No, you don’t have to keep all the frames in your house (or even on one wall) the same style and color. Thanks to the gallery wall trend and the increasing eclecticism in home décor, a mishmash of materials and styles—white, golden, metal, straight or curvy wood—denotes a collection amassed over time (and might mask the fact that all the frames came from Target). In general, metal or plastic composites are cheaper; wood, particularly intricate or carved styles, can cost hundreds of dollars.

Choosing a frame style is a personal matter, but it should cue off the art, if possible. “A lighter-feeling piece, like a delicate work on paper, might just get a slim frame, whereas a chunky abstract painting probably needs a frame with more heft,” says Marvin.

Glass vs. Plexiglass vs. Nothing

If you’re framing an oil or acrylic painting, keep its surface uncovered and frame it without a glass or plexiglass front. That’s because the surface is durable and will show off the artist’s brushwork. But a watercolor needs a mat to protect it from smudging and wrinkling, and a glass or plexiglass front to protect it from dust, sunlight, and little fingers. A clear front also helps keep a work from warping and, frankly, helps it look important. Glass used to be the standard material, but it’s heavy and can break. “Many of my colleagues in San Francisco won’t even use it, because of earthquakes,” says Klostermeyer.

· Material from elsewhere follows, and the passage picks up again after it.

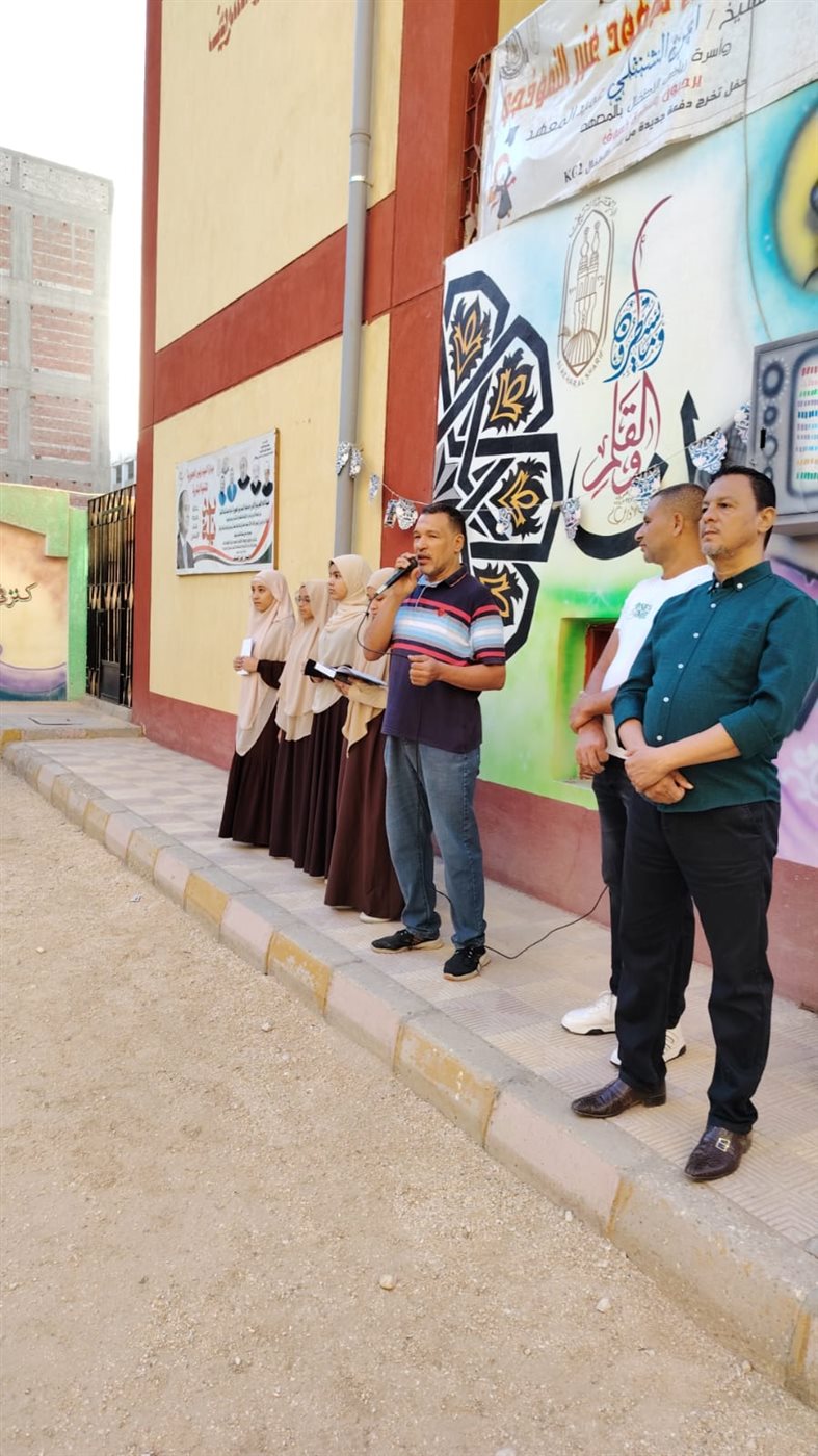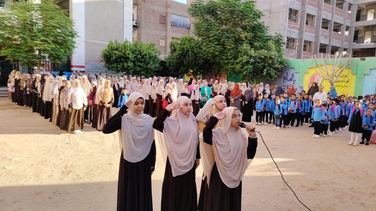 ومع بداية الطابور المدرسي، علت أصوات الكلمة الإذاعية التي حملت بين طياتها معاني التفاؤل والأمل وحب الوطن، لتبث الحماس في نفوس الجميع وتؤكد على قيمة التوافق بين العلم والدين.

Both glass and plexi may filter out UV rays and reduce reflective glare. And there’s a wide range of glazing for both plexi and glass, ranging from simple UV protection to what pros call “museum glass” that blocks nearly all light and glare.

For our money and trouble, plexiglass is the way to go. It’s more expensive than glass and more prone to scratches, but it’s a lot lighter and not fragile, making it easier to hang.